- TO DO
Repeat the data exactly as given below, dropping every picture.

** Opening AVAILABLE DATA block **

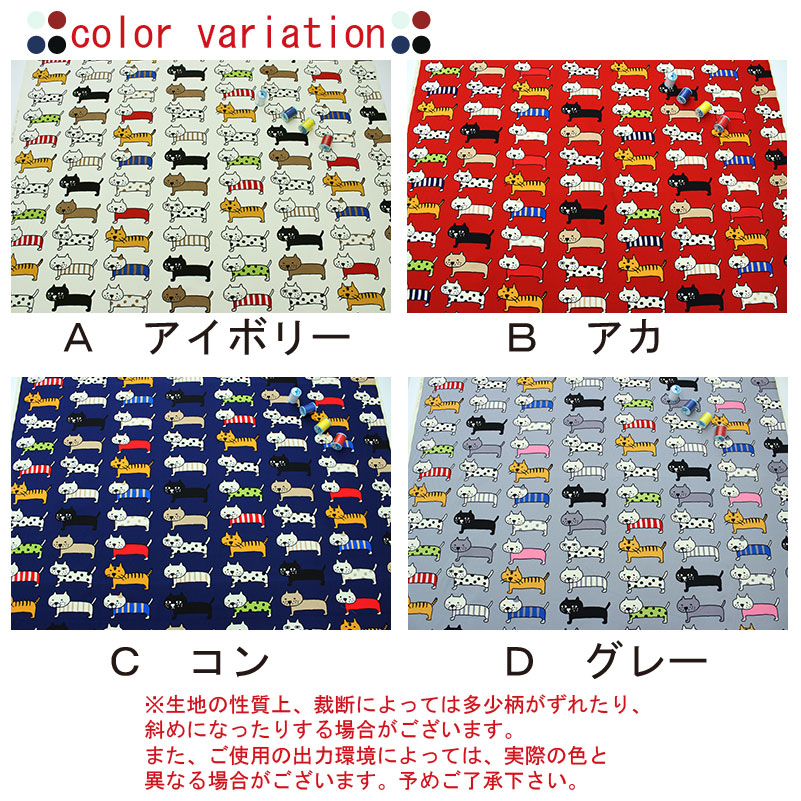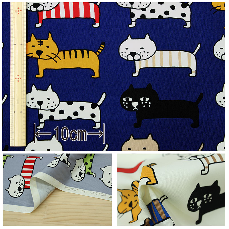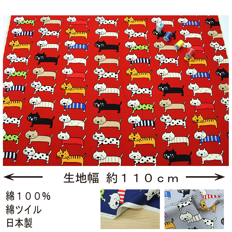 ツイル生地で愛くるしい表情のねこがこっちを見て整列した猫の大きな柄です。バッグやポーチなど小物、入園入学グッズ(レッスンバッグ、シューズケース、体操服入れ、巾着袋、エプロンやスモックなどのウェアに。 クッションカバーやソファーカバーなどのインテリア用品、パンツ、小物、ワンピース、バッグ、財布、エプロン、シャツ、パーカーなどの作品ができます。また、がま口や巾着などの小物など綿素材で扱いやすい生地で初心者向きです。
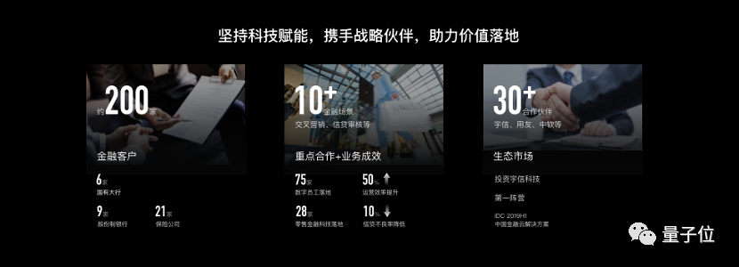智慧金融已服务近200家金融客户,构建超过30家的合作伙伴生态,并跻身中国金融云解决方案领域第一阵营。
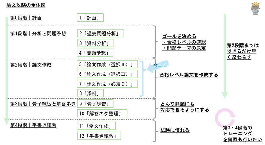本日は、第7ステップ「論文作成(必須Ⅰ)」について解説いたします。第4ステップで決めた予想問題の一つを例にして論文を作成します。目標は合格レベルの論文を1つ完成させることです。
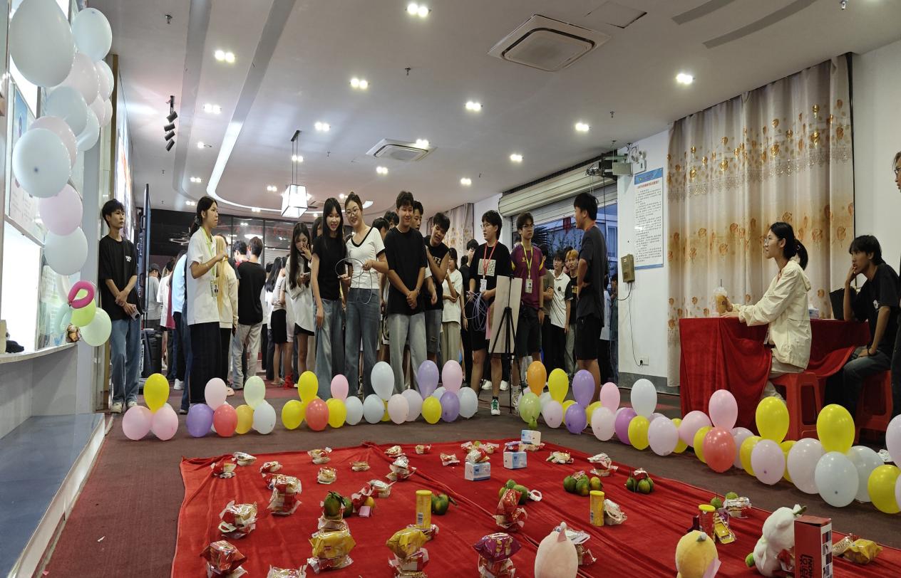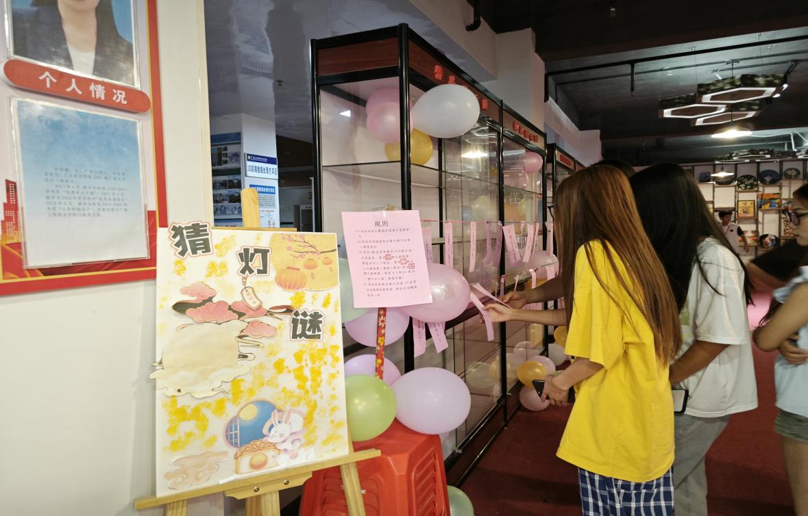 隨著夜幕的緩緩降臨,學(xué)院內(nèi)張燈結(jié)彩,一派節(jié)日的喜慶景象。藝術(shù)設(shè)計(jì)學(xué)院精心布置了多個(gè)主題區(qū)域,包括“套圈”活動(dòng)區(qū)、“猜燈謎”活動(dòng)區(qū)、“月餅”發(fā)放區(qū)以及“獎(jiǎng)品”兌換區(qū)等,每一處都充滿了濃厚的節(jié)日氛圍和創(chuàng)意元素,吸引了眾多師生駐足參與。

** Closing AVAILABLE DATA block **

- TASK ANSWER
 ツイル生地で愛くるしい表情のねこがこっちを見て整列した猫の大きな柄です。バッグやポーチなど小物、入園入学グッズ(レッスンバッグ、シューズケース、体操服入れ、巾着袋、エプロンやスモックなどのウェアに。 クッションカバーやソファーカバーなどのインテリア用品、パンツ、小物、ワンピース、バッグ、財布、エプロン、シャツ、パーカーなどの作品ができます。また、がま口や巾着などの小物など綿素材で扱いやすい生地で初心者向きです。
智慧金融已服务近200家金融客户,构建超过30家的合作伙伴生态,并跻身中国金融云解决方案领域第一阵营。
本日は、第7ステップ「論文作成(必須Ⅰ)」について解説いたします。第4ステップで決めた予想問題の一つを例にして論文を作成します。目標は合格レベルの論文を1つ完成させることです。
 隨著夜幕的緩緩降臨,學(xué)院內(nèi)張燈結(jié)彩,一派節(jié)日的喜慶景象。藝術(shù)設(shè)計(jì)學(xué)院精心布置了多個(gè)主題區(qū)域,包括“套圈”活動(dòng)區(qū)、“猜燈謎”活動(dòng)區(qū)、“月餅”發(fā)放區(qū)以及“獎(jiǎng)品”兌換區(qū)等,每一處都充滿了濃厚的節(jié)日氛圍和創(chuàng)意元素,吸引了眾多師生駐足參與。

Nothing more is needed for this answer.